Task brief
Write out each line of the listing as it stands, without the images.

Data excerpt
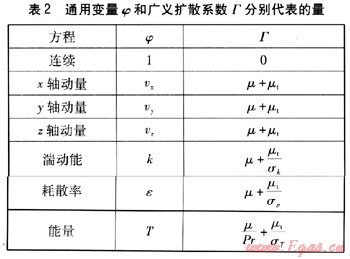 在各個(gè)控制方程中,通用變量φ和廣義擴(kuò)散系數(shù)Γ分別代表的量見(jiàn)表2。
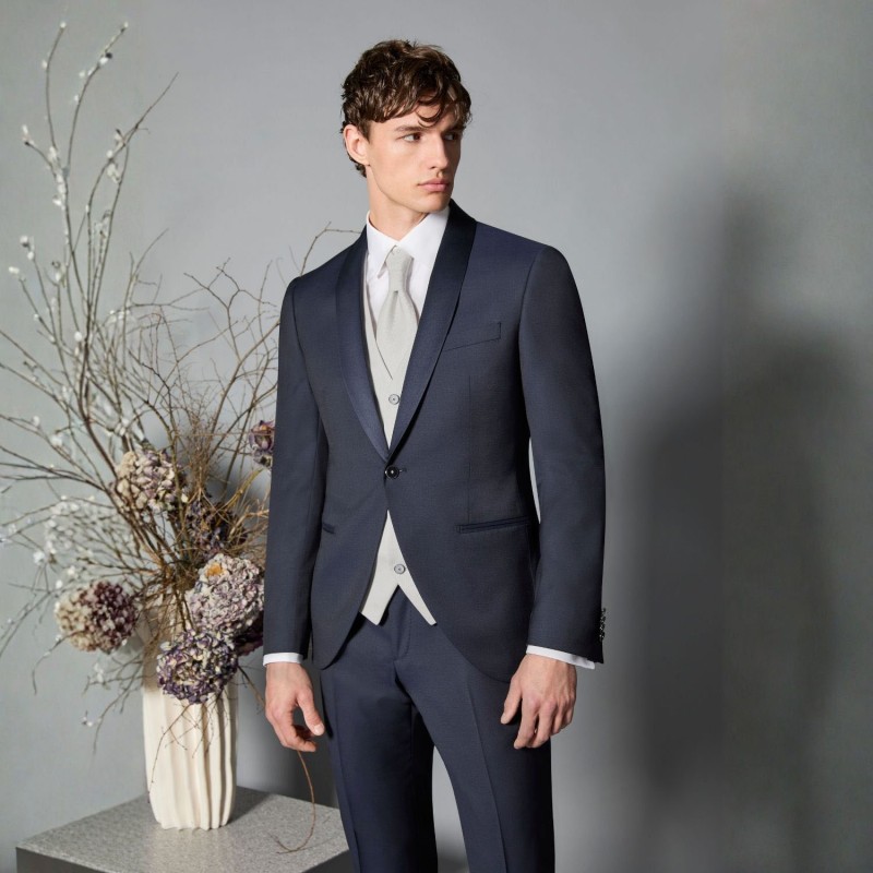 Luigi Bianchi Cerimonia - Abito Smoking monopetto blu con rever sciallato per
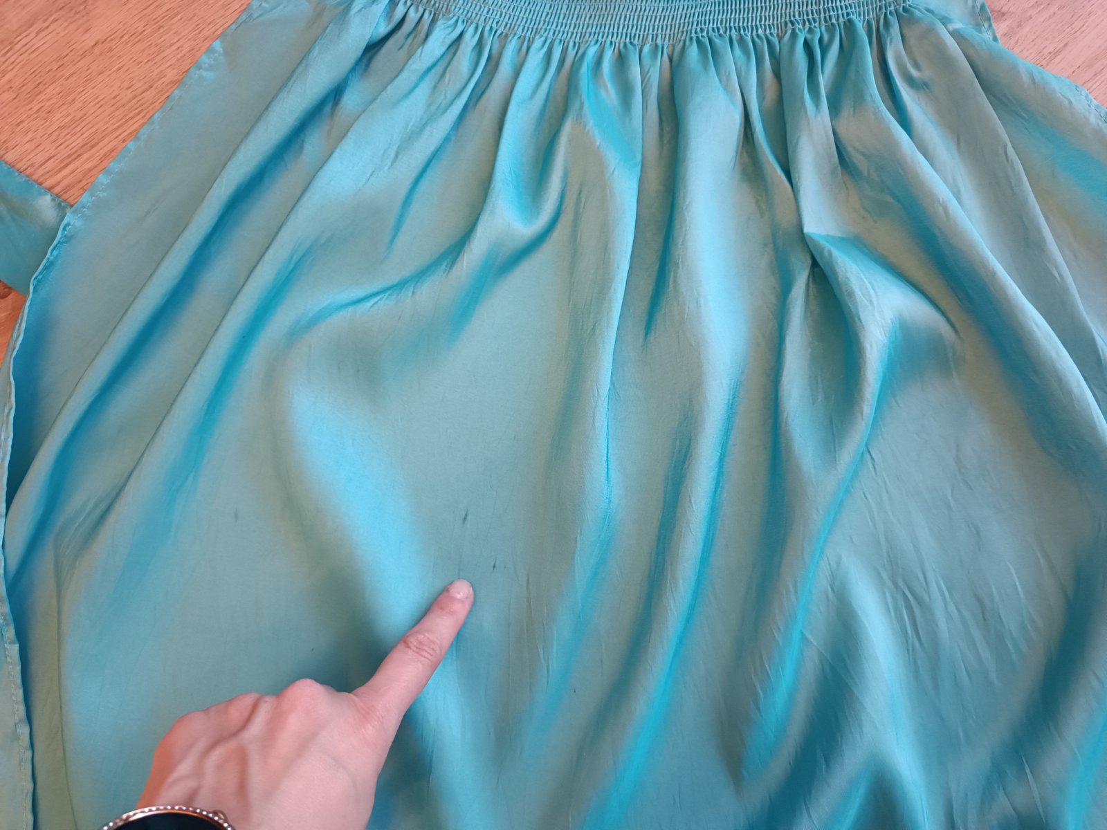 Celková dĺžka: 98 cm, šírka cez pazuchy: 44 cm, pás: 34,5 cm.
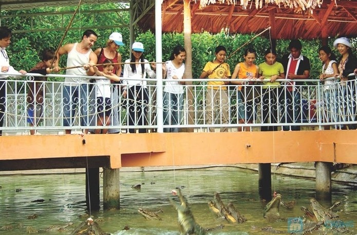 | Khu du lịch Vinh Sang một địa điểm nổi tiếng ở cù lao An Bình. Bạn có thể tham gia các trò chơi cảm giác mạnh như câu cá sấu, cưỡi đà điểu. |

Completed task
 在各個(gè)控制方程中,通用變量φ和廣義擴(kuò)散系數(shù)Γ分別代表的量見(jiàn)表2。
 Luigi Bianchi Cerimonia - Abito Smoking monopetto blu con rever sciallato per
 Celková dĺžka: 98 cm, šírka cez pazuchy: 44 cm, pás: 34,5 cm.
 | Khu du lịch Vinh Sang một địa điểm nổi tiếng ở cù lao An Bình. Bạn có thể tham gia các trò chơi cảm giác mạnh như câu cá sấu, cưỡi đà điểu. |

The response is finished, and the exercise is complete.